Em longo prazo, a meta não é reformar
a Previdência, mas extingui-la. Essa é
a verdade que não pode ser dita.
por JOMAR
MORAIS*
Assumi meu
primeiro emprego, com carteira assinada, aos 14 anos de idade. Meu cargo:
repórter. Quase 40 anos depois, aposentei-me, sob a lei vigente, aos 53 anos de
idade. Na época, sob protestos da família, troquei um bom salário pela vida
idealista de serviço ao próximo sem remuneração. Sem peso na consciência, mas
consciente de que, a exemplo de outros trabalhadores, eu havia sido lesado pelo
Estado brasileiro.
Durante anos
de atividade contribui para a Previdência Social quase sempre na faixa mais
alta, que na década de 1980 correspondia a 30 salários mínimos. A promessa era
que, aposentado, eu teria um benefício mensal em torno desse valor.
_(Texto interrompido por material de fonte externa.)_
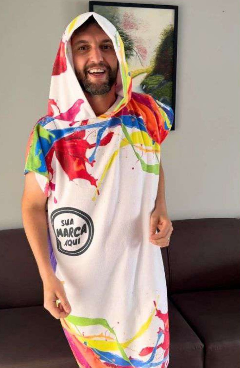 Poncho Personalizado — conforto, praticidade e estilo em uma única peça! Produzido em microfibra felpuda lisa, com composição de 80% poliéster e 20% poliamida (#197 g/m²), o poncho oferece toque suave, alta absorção e secagem rápida, ideal para uso após o banho, na praia, piscina ou academias.

Então
vieram as reformas, sucessivas reformas, e, para encurtar a história, ao
aposentar-me, em 2006, atingido em cheio pelo redutor inventado no governo
Fernando Henrique - o Fator Previdenciário -, tive que me contentar com um
benefício equivalente a 4 salários mínimos que, passados 11 anos, agora
equivalem a três salários, e deverá seguir minguando, graças ao arrocho
contínuo dos reajustes abaixo dos do salário mínimo e até da inflação.
Agora vejo
que poderia ter sido pior e lamento por meu filho que, tendo se iniciado no
mercado aos 17 anos de idade – como fotojornalista -, não poderá escolher
aposentar-se antes dos 65 anos e, junto com toda a sua geração, certamente terá
um benefício ainda mais irrisório que o meu ao deixar a ativa.
Ainda assim,
eu seria a favor de uma reforma na Previdência, se esta se constituísse em uma
ação de Estado honesta e justa para salvaguardar o bem comum. A seguridade
social foi pensada numa época de homens de baixa longevidade e suas fórmulas
precisam ser atualizadas para o nosso tempo de vida longa generalizada e
mercado dinâmico. No caso brasileiro, porém, há fatores que complicam essa
situação e deliberadamente foram postos à margem da discussão atual.
Nada
justifica que políticos e militares, dois segmentos em que privilégios e
distorções humilham os brasileiros que dependem da Previdência comum, fiquem
fora da mudança. Nada justifica que categorias da chamada elite do serviço
público, bem organizadas e bem remuneradas – não raro, de forma injusta em
relação aos demais trabalhadores – acabem preservando seus privilégios,
enquanto os plebeus do regime comum são sangrados mais uma vez. Nada justifica
que trabalhadores paguem a conta para cobrir a ineficiência do Estado e ampliar
os lucros dos grandes grupos econômicos.
Para que se
tenha uma ideia da inversão de prioridades nesse momento, basta lembrarmos que
o INSS, que protege 33 milhões de brasileiros, teve em 2016 um déficit de 150
bilhões de reais, enquanto o déficit da Previdência do serviço público federal,
que abrange apenas 980 mil pessoas, chegou a 90 bilhões de reais.
Uma reforma
justa talvez começasse por esse ponto, mas isso poderia colocar em risco a
aprovação já das mudanças e, portanto, não interessa aos maiores beneficiários
da reforma em curso: a banca brasileira e internacional, de olho nos ganhos da
expansão da previdência privada. Há pressa em debilitar o sistema oficial,
minar a confiança das pessoas. Em longo prazo, a meta não é reformar a
Previdência do Estado, é asfixiá-la e extingui-la.